WANTED - Nuremberg - Translator English to German

Can anyone help me with a translator?

Its a very basic task, and would suit Student or part time worker in particular.

Task is:
I am about to be made unemployed in Germany. I require a translator, English to German to come with me to the Unemployment office here in Nuremberg next to the Opernhaus Underground.

Will pay, of course due to the nature of imminent unemployment, I can not addord a professional translation service.

Message me if you know anyone with decent English and German.
Thanks
Gareth


----------



## Bevdeforges (Nov 16, 2007)

Under the rules of the forum, you can't actually advertise for someone to "work" for you like this. However, are you sure you really need a translator to accompany you to the Arbeitsamt? I actually have some experience with them (when I applied for unemployment in Germany) and they are (or were) fairly easy to deal with. It's not at all a "confrontational" meeting.

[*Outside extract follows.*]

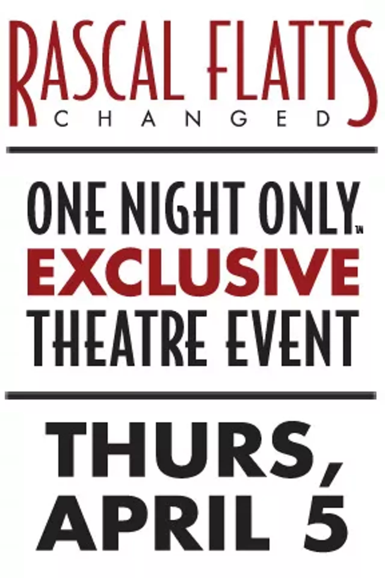 Rascal Flatts: Changed is not showing in any theaters in the area.
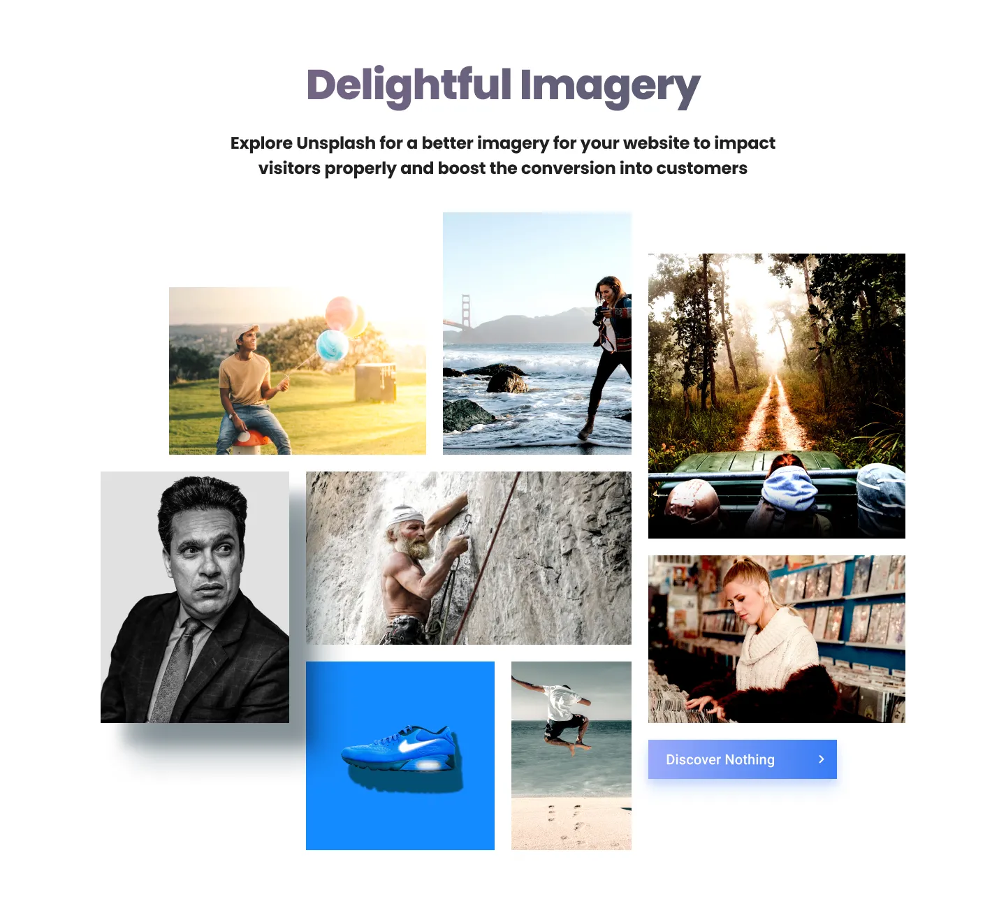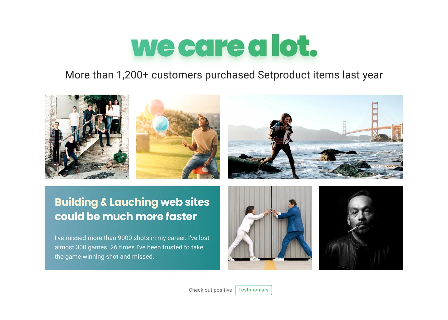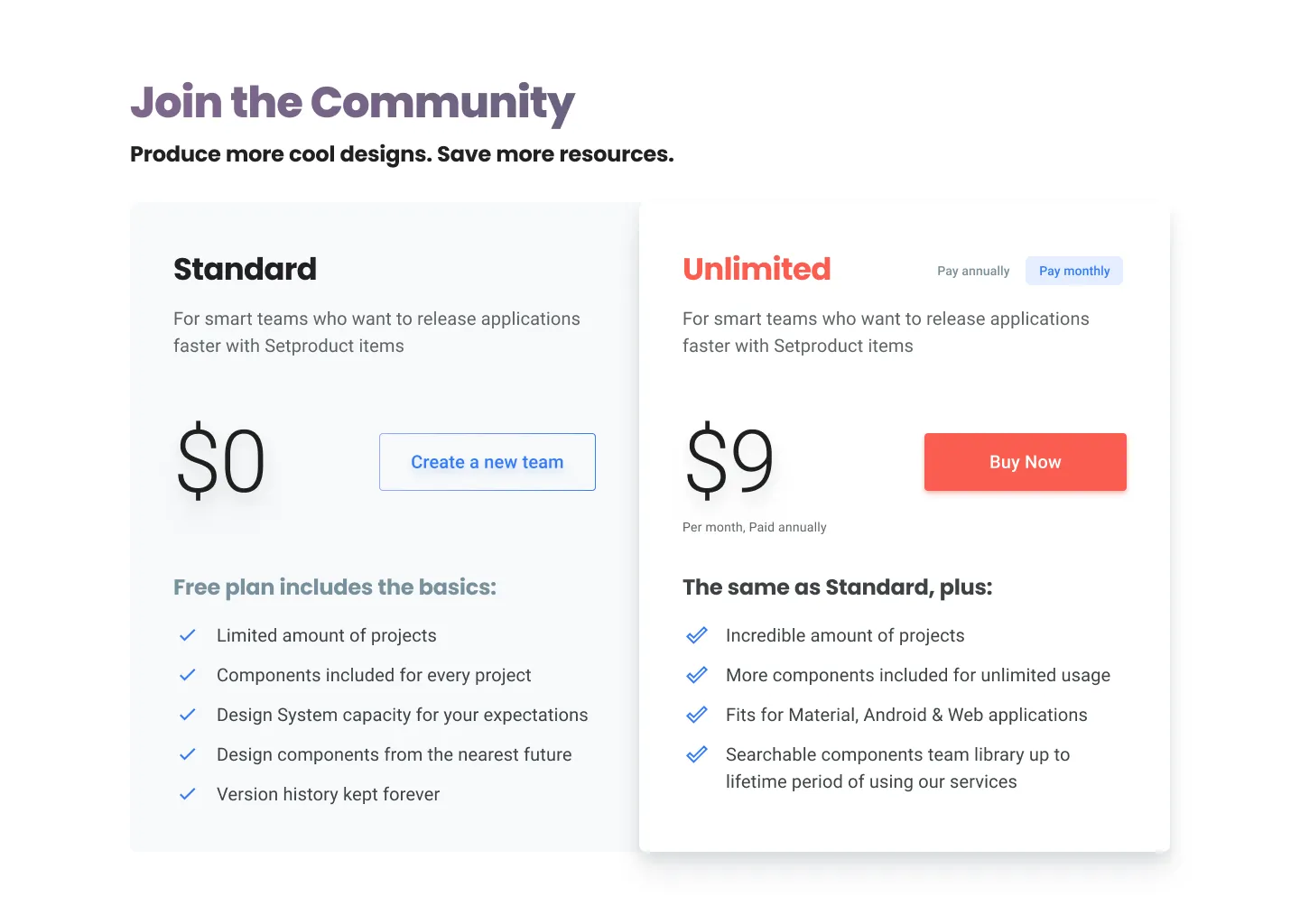 Hero covers, Navigation, Product features, Cards, Tables, Call to action, Pricing plans, Forms, Image grids, Testimonials, FAQ, Footers, Roadmap, Calculator, Code snippet and others.

The one thing you want to do is to get in to see them ASAP, translator or no. Your benefits start based on when you met with them for the first time, so putting it off just means you're delaying your potential benefits. If you have problems at that first meeting, then you can see who is available to accompany you, but it's entirely possible that someone in the office may be able to help you in English.
Cheers,
Bev


----------



## gaz_0001 (May 27, 2013)

Bevdeforges said:


> Under the rules of the forum, you can't actually advertise for someone to "work" for you like this. However, are you sure you really need a translator to accompany you to the Arbeitsamt? I actually have some experience with them (when I applied for unemployment in Germany) and they are (or were) fairly easy to deal with. It's not at all a "confrontational" meeting.
> 
> The one thing you want to do is to get in to see them ASAP, translator or no. Your benefits start based on when you met with them for the first time, so putting it off just means you're delaying your potential benefits. If you have problems at that first meeting, then you can see who is available to accompany you, but it's entirely possible that someone in the office may be able to help you in English.
> Cheers,
> Bev


Hi Bev,

I was there this morning actually. 
The woman i met with was very 'Hostile'. She understood English, but was not able to speak English back to me.
She sent me away with a written letter telling me to return within 5 days with a Translator.
I had the same issue in the Registration office and the Tax office, but they decided to speak english with me after belittling me for a while. (Which is fine!).

In the Arbeitsamt I did of course ask if I could wait for an indefinite period until an English speaker was available, but the request was rejected.

Not quite sure what to do now. I dont know any german speakers as I work for an International company and we only speak English.

Br,
Gareth


----------